- ABOUT THIS EXERCISE
Below are records to repeat exactly; do not include any pictures.

Dataset excerpts
==============================

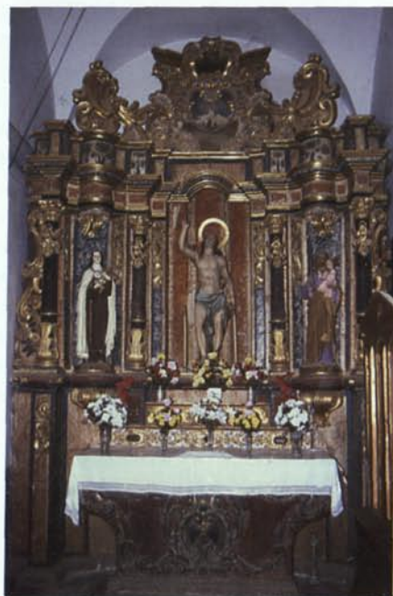
5. Altar de Sant Sebastià (4).

La visita prioral de 1703 parla del temple parroquial antic que fou enderrocat en construir l'actual. 16 Era més petit, ja que només tenia quatre altars (el Major, el del Sant Crist, el de Sant Esteve i el de Sant Salvador) i un campanar –probablement d'esppanya– amb quatre campanes.
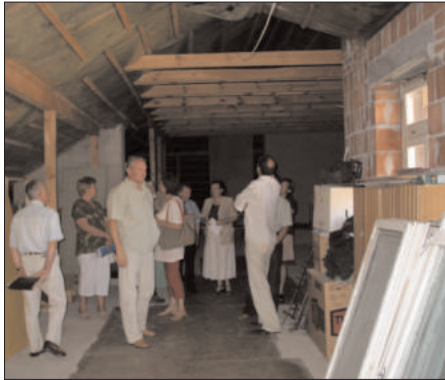
Komisja Infrastruktury Społecznej dokonała m.in. oglądzin poddasza w Szkole Podstawowej w Białej

Członkowie Komisji wizytowali gminne szkoły w Besiekierzu Rudnym, Słowiku, Grotnikach oraz Dębrowce Wielkiej, Białej i Szczawinie.
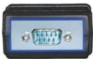
Porta seriale RS232
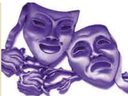
Técnicas de Teatro de Representação | 28 MAR

==============================

- EXPECTED ANSWER
5. Altar de Sant Sebastià (4).

La visita prioral de 1703 parla del temple parroquial antic que fou enderrocat en construir l'actual. 16 Era més petit, ja que només tenia quatre altars (el Major, el del Sant Crist, el de Sant Esteve i el de Sant Salvador) i un campanar –probablement d'esppanya– amb quatre campanes.
Komisja Infrastruktury Społecznej dokonała m.in. oglądzin poddasza w Szkole Podstawowej w Białej

Członkowie Komisji wizytowali gminne szkoły w Besiekierzu Rudnym, Słowiku, Grotnikach oraz Dębrowce Wielkiej, Białej i Szczawinie.
Porta seriale RS232
Técnicas de Teatro de Representação | 28 MAR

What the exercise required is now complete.